If you ain’t runnin’ with it, run from it
Gird your loins, people. The best holiday of the year is upon us.
Forget for a moment what you think you know about holidays. Sure, you probably like Christmas, because who doesn’t enjoy a good gift-giving holiday? Or maybe Thanksgiving if you’re into food and family and naps and football. Halloween, you say? I respect that and I also enjoy binge eating candy and wearing glitter all over my body.
All these days are nice, respectable celebrations. All wear their own hat. All deserve a nice round of applause. But, please, hold your standing ovation for the King of all the 365 days: L.D.O.C. (Read that as if I am singing it at the top of my lungs through a megaphone from the highest point in the bell tower with a chorus of angels harmonizing in the background).
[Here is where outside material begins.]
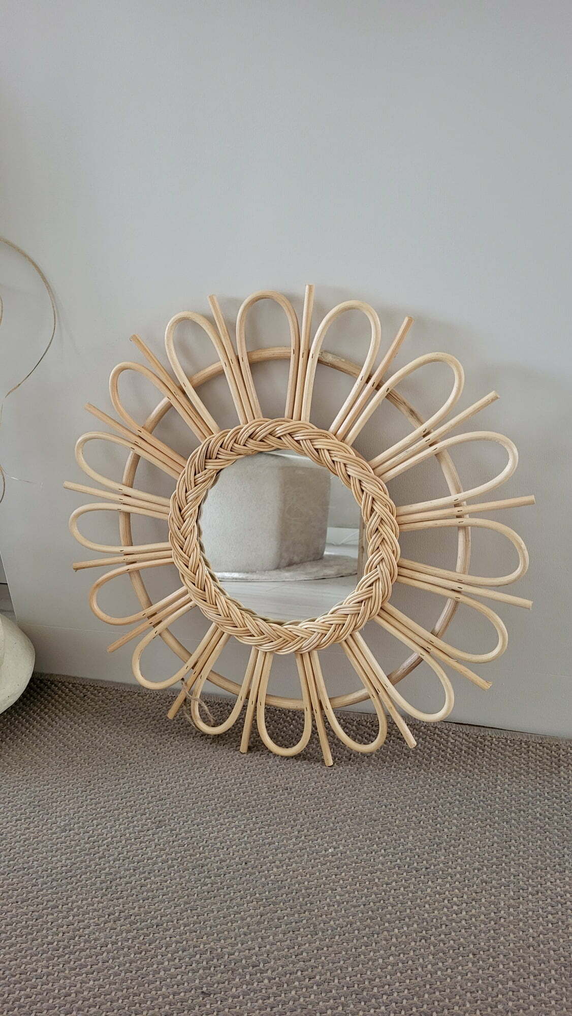 Rotan spiegel, 45 cm.

To kick this thing off, I wrote an acrostic poem about the Last Day of Class because we are romantically involved. Consider this your mantra for Friday, April 24.
L Leave your worries behind
D Drink everything you find
O Of exams, we don’t speak
C Carry on without the weak
Now let me say that in English: class is over, there’s a lot of free alcohol in the area, exams haven’t started yet (so please don’t use the F word…finals), and sadly a lot of your friends are going to tap out pretty early in the day BUT YOU MUST PERSEVERE WITHOUT THEM.
What follows is a completely unstructured dialogue of tips for surviving L.D.O.C. from unidentified contributors (my friends) (are psycho).
H: The key to a successful LDOC is hydration. And by hydration I mean drinking any and all alcohol you can get your hands on.
A: Remember to pack all your essentials for transforming your look from day-ready to night-ready. And also be aware you will lose everything, forget to redo your makeup at all, and end up sobbing in a frat bathroom.
S: Wait, why are you telling them not to talk about final exams? This is THE final exam. The ultimate test to show off the tolerance you’ve been working on all semester.
L: Make sure to pace yourself and eat meals! Just kidding, beer is fine. Beer has calories. Beer is food.
C: Am I allowed to say pack a mimosa for class? Okay, fine, pack a mimosa for “AFTER” class.
S: Ah, LDOC. One last chance to get Frat Ratchet as an upperclassman.
H: Only two weeks stand between you and summer, so you might as well go ahead and celebrate. #mama #wemadeit
I will conclude by saying that I find all of the above inadvisable and irresponsible.
I will also conclude by saying I will be participating in every possible way. Best of luck to everyone. Hope to see you on the LDOC playground so we can get “Frat Ratchet” together.